Jan 05, 2009 15:08 PM
rating: 0
 
Michael
(736)

I don't know who you got into trouble with last month for calling the Marlins "a blight ..." but you shouldn't get in trouble for that. You're a baseball columnist, Joe, so it's your job to express opinions about baseball matters as long as you do so in a entertaining, persuasive and informed manner. I enjoy your columns but that doesn't mean that I or other readers should agree with 100% of your opinions.

Keep up the good work.

Jan 05, 2009 11:39 AM
rating: 6
 
Matt Hunter

I don't know that he meant "got in trouble" in the literal sense, as I disagreed and felt it was a slight towards all the people not named Jeffrey Loria.

Then some other people chimed in and called him Stephen A. Smith and silly things of that sort.

However while I will never defend the ownership, I still don't him like calling the entire franchise, which to me is more than just Jeffrey, a blight.

Was this a bad move that stinks of dropping money?
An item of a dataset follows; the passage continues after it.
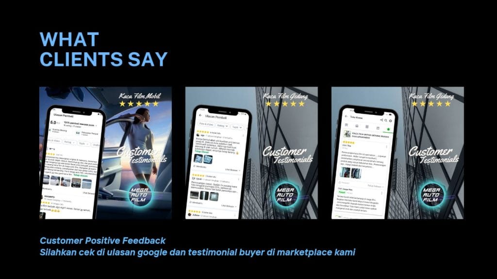 “Kami juga telah banyak memasang kaca film pada mobil untuk beberapa project jasa marga, mobil supercar dan mobil mobil listrik terbaru.”

Yes of course. Should they get the publicly funded stadium? No of course not.

Do all of these things equate to being an embarrasment? And a blight on the landscape of American sports landscape? I would say no. I am heavily biased of course because I have been a fan since opening day, and been there through the Two championships in that time. I can name a lot of teams that it sucks to root for way more, that one thing is for sure.

Jan 05, 2009 13:07 PM
rating: 0
 
Matt Hunter

And wow I should proof read.

Jan 05, 2009 13:09 PM
rating: 2
 
gaborde

There are two things I still don't understand about these Marlins accusations.

1. Are you suggesting that we should give a team like the Nationals or the Pirates brownie points for trying (and failing) to spend 2 or 3 times as much as Marlins?

2. Why the griping over the publicly funded stadium? The Miami city government isn't some puppet organization. They decided that they had something to gain long-term by enticing the Marlins to move to their city. I don't understand the intricacies exactly, but the stadium would obviously result in decades of additional tax revenue for the city. Even if you just consider the state, growth's good for everyone.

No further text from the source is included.